The stack
Six RackNerd VPS (~₹14,000/year, ~$151 total) running Mailcow (~20M emails, 12 domains, rotating IPs), plus Nextcloud (22-user collaboration, 5TB storage), a 3-node Tailscale mesh for development, and 10 custom MCP servers with Qdrant vector search indexing the entire codebase. My estimate of what the email side alone replaced — a Mailchimp enterprise quote at this volume — is around ₹2.78cr (~$300k), medium confidence, since it's a projected quote rather than a realized bill. See Lessons from Infrastructure for the philosophy behind the decision.
What it replaced
Google Workspace for the 12 domains, LucidLink for file sync, Mailchimp-scale managed email for marketing sends, and cloud AI APIs for development tooling. The replacements were not drop-in equivalents — each required understanding the underlying system well enough to operate it. That understanding is the actual return on the investment, separate from the cost savings.
Mail server architecture
Six RackNerd VPS nodes, twelve custom sending domains, Mailcow as the mail stack on each. The critical architectural decision: separate the transactional mail path from the bulk marketing path. Same-server commingling caused the queue starvation incident documented in the Mailcow Deep Dive series — marketing bulk sends filling the Postfix active queue while password reset emails waited behind them.

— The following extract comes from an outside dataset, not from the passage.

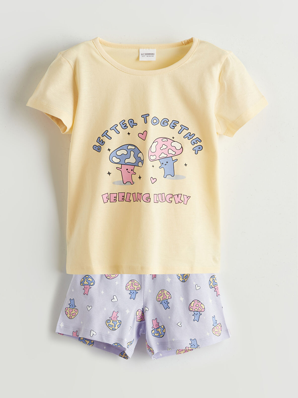 LCW Kids Yellow Printed Girls’ Pajama Set with Shorts

Postfix transport maps route transactional mail through an internal transport with no artificial rate delay and high concurrency. Marketing sends route through a bulk transport with per-destination throttling. Two independent queues that cannot starve each other.

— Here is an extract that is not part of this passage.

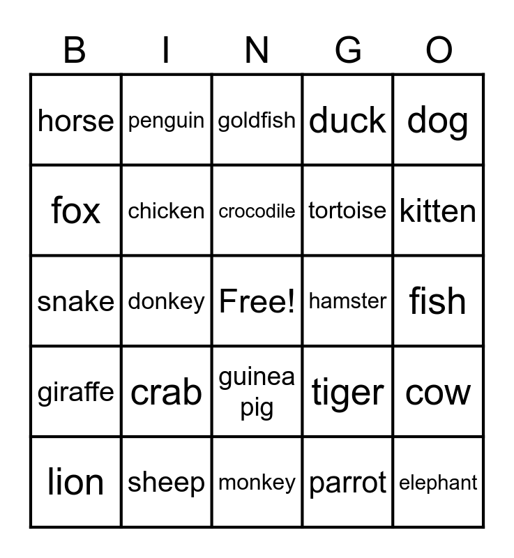 This bingo card has a free space and 37 words: bear, bird, cat, chicken, cow, crab, crocodile, deer, dog, dolphin, donkey, duck, elephant, fish, fox, giraffe, goat, goldfish, guinea pig, hamster, horse, kitten, lion, monkey, octopus, parrot, penguin, pig, puppy, rabbit, shark, sheep, snake, starfish, tiger, tortoise and wolf.
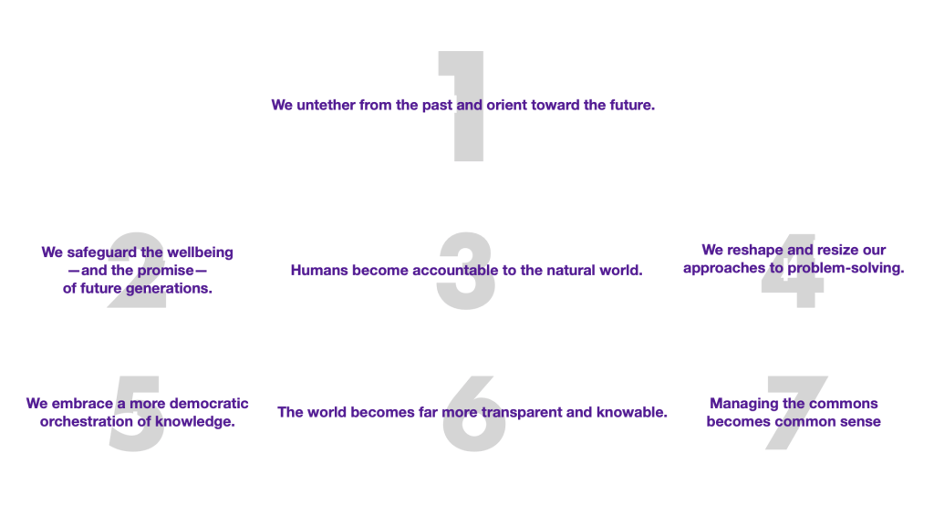 Social Stewardship Equity dwells along the creative edge of the future as our new frontier, choosing new beginnings from among evolving possibilities, and their consequences, as times change, to fit the changing times.

SPF, DKIM, and DMARC on every domain. Rspamd for spam scoring. IP warmup on every new node — six weeks of ramping volume, sending to engaged users first. Zero IP blacklistings across the campaign run.
The development mesh
Three machines on a Tailscale mesh: the M1 iMac as build and coding machine, two other nodes running the Docker service stack. dnsmasq on the iMac resolves *.dev.prachyam.local to Tailscale node IPs; Caddy on each service node handles TLS termination and reverse proxying. Every service gets a stable HTTPS subdomain reachable from the build machine without port numbers or browser security warnings. (The public coming-soon site lives separately at prachyam.willmakeitsoon.com.)

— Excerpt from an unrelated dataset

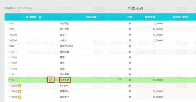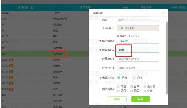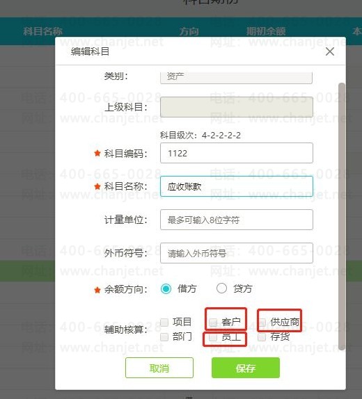 a.点击【设置】-【科目期初】,将【应收账款】科目已经挂的【客户】、【供应商】、【职员】辅助核算取消;

The wildcard TLS uses DNS-01 ACME challenge via the Cloudflare API — the only ACME challenge type that works for localhost HTTPS. One wildcard certificate covers every current and future subdomain. No per-service certificate management.
The practical result: OAuth flows work in development. Secure cookies work. Service workers work. Staging exists to validate business logic, not to reproduce the HTTPS environment.
AI tooling
10 custom MCP servers handle the contexts I'd otherwise reconstruct manually at the start of each session: ott-context-mcp for architectural decisions and fix patterns per package, drizzle-studio-mcp for live DB inspection, infra-monitor-mcp for Docker service health, monitoring-mcp for Prometheus queries, api-test-mcp for endpoint testing, video-monitor-mcp for transcode job status, code-search-mcp for Qdrant semantic search, docker-ops-mcp for container management, git-analytics-mcp for repo stats, and mailcow-admin-mcp for domain management.
Qdrant indexes the entire Sangam monorepo — semantic search across ~971K lines of TypeScript, Rust, Dart, and shell. "Find where we handle authentication errors" returns relevant code even when the word "authentication" doesn't appear. See Lessons from Infrastructure for why this is worth the setup cost.
The lesson
Self-hosting is a commitment. You're the sysadmin. Automated backups, monitoring alerts, and written runbooks are not optional — they're what makes the system survivable when something breaks at 2am, which it will. The knowledge that accumulates from running these systems is the dividend that compounds after the cost savings have already paid back.